宋佩兰的目光,像两道X光,在三个孩子的身上,来回地扫视着。
当她看到,那两个与儿子小时候几乎是一个模子里刻出来的顾烁和顾念安时,她的眼中,闪过了一丝极其复杂的、一闪即逝的波动。但那份波动,很快,就被更深沉的、冰冷的挑剔所取代。
她没有像一个普通的奶奶那样,对这双失而复得的、血脉相连的孙子孙女,表现出任何一丝一毫的亲昵和喜悦。
她只是皱着眉头,看着那个因为有些拘束而显得格外好动的顾烁,用一种充满了不悦的语气,教训道:
“男孩子,要沉稳,要有规矩。
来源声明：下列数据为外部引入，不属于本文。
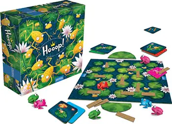 Players try to move their frogs from their own home leaf to the home leaves of the other players.

坐没坐相,站没站相的,这么跳脱,像什么样子?!”
顾烁脸上的笑容,瞬间就僵住了。
紧接着,她的目光,又落在了那个从始至-终都一言不发,只是安安静静地坐在妈妈身旁的苗子安身上。
她的眉头,皱得更紧了。
她没有再看孩子,而是将审问般的目光,直接投向了沈知娴。
“听说……”她的语气,像是在闲聊家常,但每一个字,都像一颗冰冷的石子,砸在沈知娴的心上,“……沈小姐,以前……结过婚?”
来了。
沈知娴知道,真正的考验,开始了。
“是的,伯母。”她平静地回答。
“哦?”宋佩兰故作惊讶地挑了挑眉,“那……真是可惜了。我们既白,从小到大,眼光可是高得很呢。一般的女孩子,他可都看不上。”
她这番话,既是在抬高自己的儿子,也是在暗讽沈知娴“配不上”。
“妈!”顾既-白终于忍不住,沉声打断了她,“那些,都过去了!”
“过去?”宋佩兰冷笑一声,完全不给儿子留半分情面,“怎么能过得去?!”
她的目光,像一把最锋利的刀子,直直地,刺向了那个无辜的、早已被这阵仗吓得脸色惨白的苗子安!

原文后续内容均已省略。